Ok, partamos de la única base que enlaza nuestro pensamiento común a lo largo del planeta: Cada uno está firmemente convencido de que su mundo es el único mundo posible, o bueno, por lo menos el mejor. La tolerancia es un ejercicio cansador y desgastante, y sabemos muy bien que todo andaría mejor si funcionara con nuestras propias reglas…
Perfecto, para un mundo de una sola persona… ¡Pero somos tantos y tan distintos, que solo se pueden predecir fricciones y conflictos!
Más allá del influjo de la propaganda, las exigencias sociales y el listado interminable de necesidades modernas, nuestra única propiedad en este mundo, arrasado por oleadas de exterminio cultural, consumo y descarte compulsivo, calcinado por incesantes vientos de uniformidad, nuestra única zona de absoluta soberanía, de decisión plena, es nuestro propio cuerpo.
No tenemos otro lazo real con el mundo que no
esté sometido al arbitrio caprichoso de los poderes en lucha, del reflujo
caníbal de los imperios… y ciertamente, ya no tenemos otro enlace con la
naturaleza. Claramente, después de
quince mil años de historia, guerras y masacres, la única conquista válida sigue
siendo el cuerpo humano, sobre todo, el propio cuerpo.

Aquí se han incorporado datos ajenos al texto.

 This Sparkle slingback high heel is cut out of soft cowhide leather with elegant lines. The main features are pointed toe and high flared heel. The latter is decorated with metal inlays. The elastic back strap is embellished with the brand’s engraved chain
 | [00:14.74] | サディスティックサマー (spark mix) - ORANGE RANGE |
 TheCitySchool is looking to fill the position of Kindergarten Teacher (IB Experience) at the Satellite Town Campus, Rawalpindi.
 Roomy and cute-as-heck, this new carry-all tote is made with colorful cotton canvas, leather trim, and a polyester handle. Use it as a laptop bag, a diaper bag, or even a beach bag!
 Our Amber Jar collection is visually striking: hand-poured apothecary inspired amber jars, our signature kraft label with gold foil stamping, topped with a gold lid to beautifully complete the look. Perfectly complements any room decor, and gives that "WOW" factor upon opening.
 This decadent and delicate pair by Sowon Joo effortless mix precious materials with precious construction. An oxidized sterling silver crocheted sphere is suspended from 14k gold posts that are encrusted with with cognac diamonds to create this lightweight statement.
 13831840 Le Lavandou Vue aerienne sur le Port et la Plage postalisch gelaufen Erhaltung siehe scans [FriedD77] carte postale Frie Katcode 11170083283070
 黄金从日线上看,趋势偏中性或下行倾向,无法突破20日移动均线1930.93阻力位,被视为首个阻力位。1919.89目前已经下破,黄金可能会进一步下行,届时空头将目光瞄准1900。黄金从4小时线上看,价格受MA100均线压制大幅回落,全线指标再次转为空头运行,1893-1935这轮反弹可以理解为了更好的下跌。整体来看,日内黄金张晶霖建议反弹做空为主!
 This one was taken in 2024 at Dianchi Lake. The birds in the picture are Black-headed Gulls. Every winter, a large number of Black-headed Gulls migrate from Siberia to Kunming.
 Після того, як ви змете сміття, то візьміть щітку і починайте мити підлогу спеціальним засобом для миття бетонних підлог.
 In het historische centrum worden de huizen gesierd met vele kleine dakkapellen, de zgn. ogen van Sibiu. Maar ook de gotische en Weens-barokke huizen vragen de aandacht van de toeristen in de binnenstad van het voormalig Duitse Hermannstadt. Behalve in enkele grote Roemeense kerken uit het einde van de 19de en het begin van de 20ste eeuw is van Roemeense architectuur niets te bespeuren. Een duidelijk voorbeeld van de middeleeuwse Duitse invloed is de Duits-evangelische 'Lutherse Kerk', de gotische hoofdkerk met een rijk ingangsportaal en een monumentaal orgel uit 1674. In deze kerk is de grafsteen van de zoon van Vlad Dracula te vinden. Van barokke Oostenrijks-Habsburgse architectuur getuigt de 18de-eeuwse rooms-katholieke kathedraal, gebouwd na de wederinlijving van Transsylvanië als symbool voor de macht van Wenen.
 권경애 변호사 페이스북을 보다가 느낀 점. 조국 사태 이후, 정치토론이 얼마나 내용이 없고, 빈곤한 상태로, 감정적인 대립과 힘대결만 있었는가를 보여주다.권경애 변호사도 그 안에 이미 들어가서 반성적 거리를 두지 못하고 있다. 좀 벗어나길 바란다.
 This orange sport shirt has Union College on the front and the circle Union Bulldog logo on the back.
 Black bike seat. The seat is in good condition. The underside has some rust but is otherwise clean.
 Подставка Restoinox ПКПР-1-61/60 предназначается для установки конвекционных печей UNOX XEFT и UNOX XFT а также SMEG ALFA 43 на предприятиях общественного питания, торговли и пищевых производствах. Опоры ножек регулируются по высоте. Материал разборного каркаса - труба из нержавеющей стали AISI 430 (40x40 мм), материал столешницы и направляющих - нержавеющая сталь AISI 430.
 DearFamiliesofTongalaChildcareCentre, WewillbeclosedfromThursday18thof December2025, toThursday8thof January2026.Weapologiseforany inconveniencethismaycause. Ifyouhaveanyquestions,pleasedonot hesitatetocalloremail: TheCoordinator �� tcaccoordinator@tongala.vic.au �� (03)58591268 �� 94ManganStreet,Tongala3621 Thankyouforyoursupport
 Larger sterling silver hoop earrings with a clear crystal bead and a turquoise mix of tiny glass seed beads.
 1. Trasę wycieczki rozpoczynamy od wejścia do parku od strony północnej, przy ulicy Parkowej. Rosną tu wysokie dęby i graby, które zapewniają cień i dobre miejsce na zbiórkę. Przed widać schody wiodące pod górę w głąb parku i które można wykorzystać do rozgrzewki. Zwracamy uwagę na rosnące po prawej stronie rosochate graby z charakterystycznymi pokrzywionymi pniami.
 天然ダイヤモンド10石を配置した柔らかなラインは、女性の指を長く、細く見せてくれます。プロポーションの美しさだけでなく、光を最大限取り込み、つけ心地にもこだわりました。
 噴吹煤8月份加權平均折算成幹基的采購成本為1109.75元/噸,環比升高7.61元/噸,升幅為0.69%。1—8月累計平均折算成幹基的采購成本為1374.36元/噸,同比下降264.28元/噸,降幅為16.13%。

Desde el estado y sus instituciones -desde los ejes de poder tradicional, en la teoría y las definiciones, en las posibilidades prácticas de valoración y salvaguarda del individuo- se etiqueta y tasa según su pertenencia o no a ámbitos formalizados de replicación social.
Esta categorización se superpone y suma a los estándares dominantes, ya sean genéticos, territoriales, raciales, económicos, sexuales, y de género, estéticos…etcétera. Además y sobre todo, esa lucha se vive en carne propia por cada persona en la doctrina y el enfoque de una sociedad actual del control absoluto, donde todo debe estar predefinido a través de la propia mimetización con un mundo cada vez más virtualizado, “mundializado” y grotescamente simplificado.
Esta estrategia apunta a
seguir concentrando la energía y los recursos en los usufructuarios históricos
y actuales del poder financiero, militar y económico, en los creadores de
infraestructuras y diagramas sociales y territoriales obsoletos y completamente
caducos, antiguos, que chocan contra todo nuevo concepto del planeta, la
naturaleza y la raza humana.
Por
supuesto, esta política de concentración del poder, es apoyada por el aparato
existente de represión y control, por el equipo full time de creación de
espacios hegemónicos, ya sean sociales, culturales, deportivos, de negocios, o
de simple esparcimiento o diversión, momentos peligrosos donde debemos ser más
que en ningún otro, anestesiados para no pensar.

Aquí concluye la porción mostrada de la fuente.